Правда, Радлов думает основать студию и в ней приготовлять импровизаторов и начинять их запасом театрального материала.
Но это все равно как пытаться единолично создать язык. Единоличная воля может изменить традицию, но не может создать ее. Путь Ю. Анненкова, пошедшего от уже существующего материала, правильней и в то же время острей.
Другая характерная черта различия у двух деятелей «цирковой» комедии то, что Анненков для развертывания взял пьесу, имеющую определенную фабулу, Радлов же обрамляет трюки весьма слабо разработанным сюжетом, в котором почти нет организующего ядра.
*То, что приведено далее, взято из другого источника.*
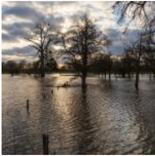
2020 Hochwasser in der Urdenbacher Kämpe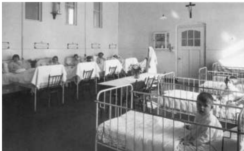
Afb. 7 Een voorbeeld van de hygiënische inrichting van derdeklas ziekenzalen, zoals de kinderzaal van het rooms-katholieke ziekenhuis De Mariastichting (Haarlem, 1937).

Er is een tijd geweest dat de eischen van hygiëne zoo hoog werden opgevoerd om niet te zeggen overdreven, dat het in de slaapkamer kil en koud was als in een ijskelder en alle comfort er uit gebannen was als uit een cel. Het opstaan en naar bed gaan gaf ongeveer hetzelfde gevoel alsof men zich in een operatie-kamer bevond. Zonder in de overdrevenheid van alles wit en gelakt ijzer en onbekleede meubelen te vervallen kan een slaapkamer aan de beste eischen van de gezondheidsleer voldoen (Wils 1923: 47).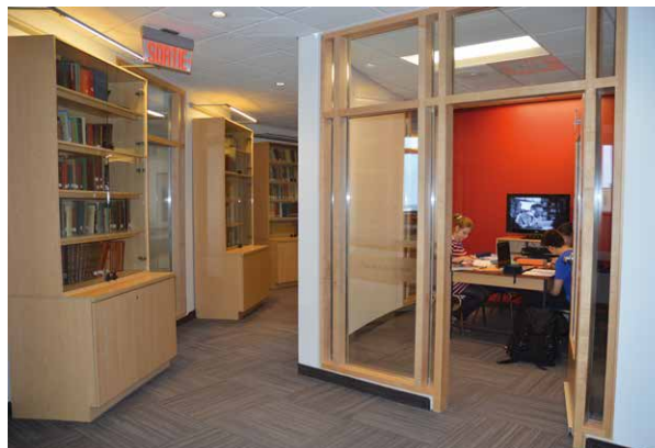
Bibliothèque Gilles-Vigneault, salle de travail en équipe

Quelles ont été les principales orientations prises par le comité des usagers? Celles allant dans le sens de l'ouverture, véritable leitmotiv du projet. En misant sur le modèle du « carrefour de l'information » ainsi que sur certains principes du « troisième lieu », et en mettant au centre de ses préoccupations les besoins des usagers davantage que sa collection, la bibliothèque s'ouvrait d'un point de vue conceptuel. Dans ce même esprit, l'idée de fusionner les ressources multimédias à la bibliothèque permettait un enrichissement de l'offre de services en matière de TIC (technologies de l'information et de la communication) dans un seul et même lieu. Un troisième élément s'est également greffé au projet, « L'Apprenti sage », un centre d'aide méthodologique qui s'intègre parfaitement dans la mission d'aide à la réussite de la bibliothèque.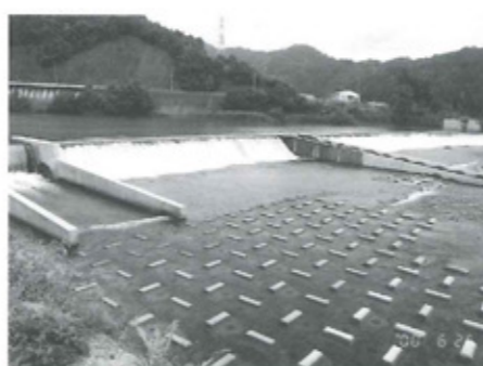
休止される小園井堰

このため、今年の遊泳場開設のあたり、現地調査を実施し、検討の結果、平成12年度の「小園遊泳場」は町指定を解除し、未開設(休止)となりましたので、お知らせいたします。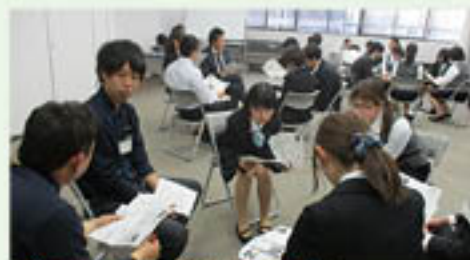
▲活発に自分の意見を述べる参加者たち

グリーン近江八幡東支店は、4月20日の業務終了後、役職員の行動規範である「グリーンウェイ」による人間力向上を目的とした研修会「木鶏会」を開催し、職員約30人が参加しました。本店で平成26年度に読書会として始めたもので、今年度から同支店でも取り組むこととなりました。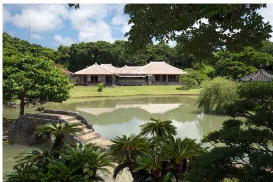
しきなえん ②識名園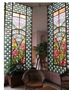
Art Nouveau et Ecole de Nancy

Réunion /repas avec anciens et actifs volontaires du brgm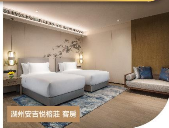
湖州安吉悅榕莊 客房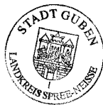
Stadt Guben Der Bürgermeister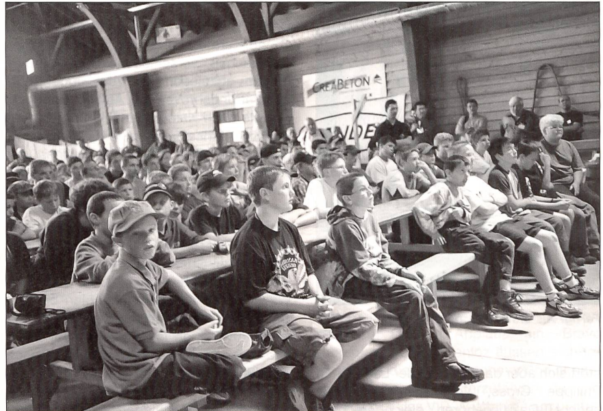
Aufmerksame Zuhörer bei den Ansprachen der militärischen Besucher.

Pontonier scheint etwas speziell Schwei-zerisches zu sein. Es wird auch in der A XXI Pontoniere mit modernen Schlauchbooten, Übersetzbooten und Weidlingen geben. Wenn man bedenkt, dass in der Schweiz nur wenige Flüsse so schiffbar sind, dass seriöser Wasserfahrtsport betrieben werden kann, ist es sehr beachtlich, dass der SPSV über 41 Sektionen verfügt! Einmal motiviert, entdeckt man auf Bahnfahrten oder Wanderungen entlang der Aare, Rhein, Limmat oder Reuss die Gebäude der Vereine, oft noch mit Pontonier-Fahr-verein angeschrieben. Hier lagert Material, hier findet vom Frühling bis zum Herbst ein Grossteil des Vereinslebens statt. Einst vor mehr als 100 Jahren als rein ausserdienstlicher Verband mit militärischen Strukturen gegründet, hat sich die Organisation ge-wandelt. Immer noch steht natürlich die militärische Einteilung bei den Pontonieren im Vordergrund und damit das Schwere-gewicht der ausserdienstlichen Tätigkeit. In-zwischen können auch Mädchen und Frauen mitmachen, und die Übungen sind mehr sportlicher denn militärischer Art. Deshalb auch die Wandlung von Ponto-nier-Fahrverein zu Pontonier-Sportverband. Da unser Militärdepartement ja auch Sport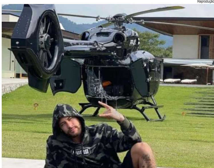
Os artigos luxuosos do atleta foram personalizados na cor preta e com referência ao Batman

O atacante acertou a renovação de contrato com o clube paulista até o final de 2026. Foi o terceiro acordo da camisa 10 desde o retorno ao Santos, na temporada passada.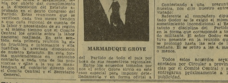
MARMADUQUE GROVE del Partido de todo el país por una de sus respectivas regionales. Entre los acuerdos tomados por el Comité Central y el Secretario General...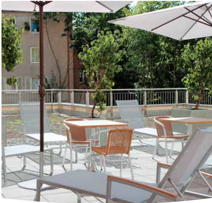
Sonnterrasse vor der Sauna / Sun-deck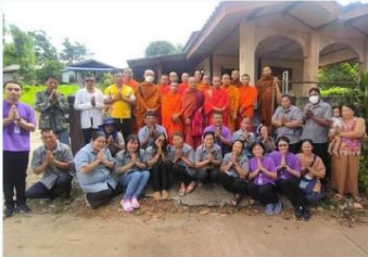
กิจกรรมออกเยี่ยมติดตามการบริหารจัดการวัดส่งเสริมสุขภาพ แผนการส่งเสริมและดูแลสุขภาพพระภิกษุสงฆ์ สามเณร อำเภอแม่แจ่ม จังหวัดเชียงใหม่ ประจำปีงบประมาณ 2568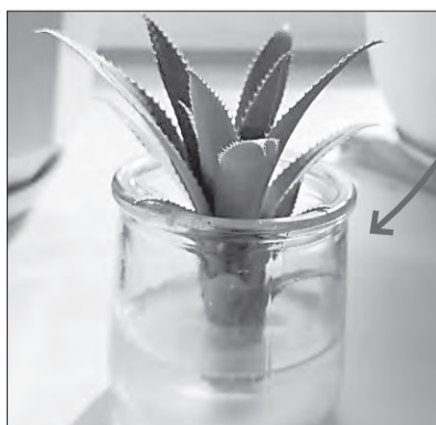
Верхушка ананаса называется «султан» — из неё реально вырастить новое растение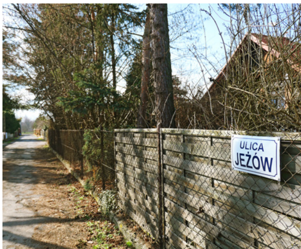
Ulica Jeżów

bieni przez komunistów, ale nie działali w czasach komunistycznych. Na przykład, na podstawie tej ustawy nie można byłoby usunąć takiego »bojownika o prawa chłopów« jak Jakub Szela. Po moim wniosku [do Rady Miejskiej we Wrocławiu] plac Jakuba Szeli we Wrocławiu został zlikwidowany w 2014 r. i ten »bohater ludowy« nie jest już nigdzie w Polsce honorowany. Jednak w Szczecinie, Warszawie, Katowicach czy Łodzi wciąż patronują tamtejszym ulicom buntownicy przeciwko Rzeczypospolitej z 1651 r.: Aleksander Kostka-Napierski i jego kompani Marcin Radocki i Stanisław Łętowski 137 .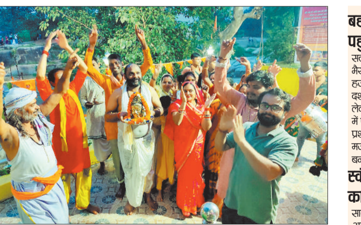
अंतिम सोमवार को झूमते नाचते श्रद्धालु।

कोतबा। धर्मनगरी कोतबा स्थित सतीघाट शिव मंदिर में सावन के अंतिम सोमवार को भक्ति और आस्था का अद्भुत संगम देखने को मिला। सुबह 4 बजे भक्त आरती के बाद से ही मंदिर परिसर में जलामिषेक करने शिव भक्तों की भारी भीड़ उमड़ने लगी थी। सुबह भगवान शिव की भस्म आरती के साथ धार्मिक कार्यक्रमों की शुरुआत हुई, जिसके बाद मंदिर के कपाट श्रद्धालुओं के लिए जलामिषेक हेतु खोल दिए गए। दराज गाँवों 8-10 किलोमीटर पैदल कांवर लाकर भक्तों ने भोलेनाथ को दिखाने में लगे रहे दिन भर हजारों भक्तों का जनसैलाव उमड़ पड़ा था।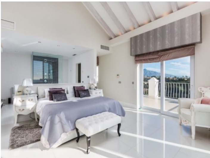
Eines von 9 Schlafzimmern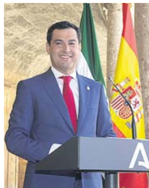
Moreno, ayer tras la reunión en la Alhambra.

El presidente de la Junta, Juanma Moreno, y el vicepresidente, Juan Marín, destacaron ayer el cumplimiento al 88,89% de los compromisos que el PP-A y Cs suscribieron en enero de 2019, cuando se convirtieron en socios de Gobierno tras las elecciones del 2 de diciembre de 2018. Así lo expusieron ayer tras el Consejo de Gobierno celebrado, por primera vez, en la Alhambra de Granada, donde el popular afirmó que «es evidente la sintonía personal que ten-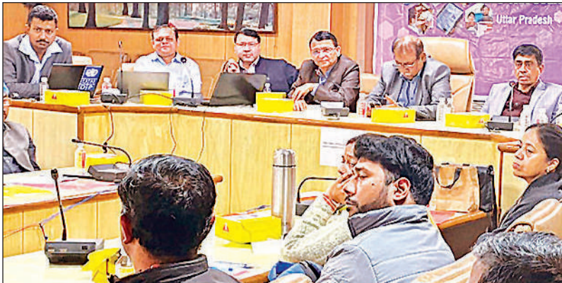
एक दिवसीय प्रशिक्षण कार्यक्रम में शामिल स्वास्थ्य अधिकारी ।

घातक साबित हो जाता है। ऐसे मरीजों को सांस लेने में भी समस्या आ जाती है। ज्यादातर मामलों में ये देखा गया है कि उम्र बढ़ने के साथ ये समस्या और गहराती है। यही कारण है कि इन मरीजों का समय से इलाज जरूरी है।

В то же время Анненков как художник новой школы, чуждой потребности мотивировать введение каждого художественного приема, ввел в свою комедию действующих лиц, совершенно не связанных с ее сюжетом. Благодаря этому они, как, например, клоун Анюта, гораздо ярче выделялись на фоне основного сюжета, чем радловская параллель к этому же приему – клоун-посланец. Интересно отметить, что, как всякий новатор, Анненков оказался в то же время истинным восприемником традиции. Именно в двух планах, не слитых между собой, совершалось действие в начале развития европейской драмы (у Аристофана есть тоже такая двойственность), и в русском народном театре, как и в турецком «Карагезе»{66}, развертываемый материал вводится без мотивировки, и швы, соединяющие части комедии, не закрашиваются.
У Анненкова, как и у Радлова, есть один общий недостаток, их роднящий. Их театр вне слова. Или, вернее, слово в нем на ущербе. В этом их минус и резкий разрыв с народным искусством. Как я уже писал в своей заметке о «Царе Максимилиане» («Жизнь искусства»), народный театр, особенно русский, не столько театр движения вообще, сколько театр словесной динамики. Слово, «самовитое слово» дорого народу. Народные пьесы не меньшие мастера слова, чем поэты-футуристы и модернисты.
Фабричная частушка тоже жива словом, игрой звука и смыслом слова.
Радлов, происходя по прямой линии от Юрия Анненкова, по боковой происходит из пантомим Мейерхольда; в этом объяснение и оправдание пренебрежения словом. Грех же Юрия Анненкова перед словом непростителен.
Статья моя печатается в том же порядке, в котором я существую сам, – в дискуссионном.
Искусство цирка
Во всяком искусстве есть свой строй – то, что превращает его материал в нечто художественно переживаемое.
Этот строй находит выражение себе в различных композиционных приемах, в ритме, фонетике, синтаксисе, сюжете произведения. Прием есть то, что превращает внеэстетический материал, придавая ему форму, в художественное произведение.
Как-то странно обстоит дело в цирке. Его представления, которые можно разделить на: во-первых, фарсово-театральную часть (у клоунов); во-вторых, на часть акробатическую; в-третьих, на представление со зверями, – художественно построены только в первой своей части.
Ни человек-змея, ни силач, поднимающий тяжести, ни велосипедист, делающий мертвую петлю, ни укротитель, вкладывающий напомаженную голову в пасть льва, ни улыбка укротителя, ни физиономия самого льва, – все это не состоит в искусстве. А между тем мы ощущаем цирк как искусство, как героический театр (по Ю. Анненкову){67}.
Интересно проследить: каков именно строй цирка, в чем его прием, что выделяет цирковое движение и действие из движения бытового? Возьмем силача и укротителя.
Сцены, в которых они участвуют, лишены сюжета; следовательно, цирк может обходиться без сюжета.
Движения их не ритмичны, – цирк не нуждается в красоте.
Наконец, все это даже не красиво. Пишу, чувствуя себя виноватым за то, что употребляю такое непонятное слово, как «красота».
В красоте цирк, слава Богу, не нуждается.
Но в цирковом действии есть, и всегда есть, нечто общее: цирковое действие трудно.
Трудно поднять тяжесть, трудно изогнуться змеей, страшно, то есть тоже трудно, вложить голову в пасть льва.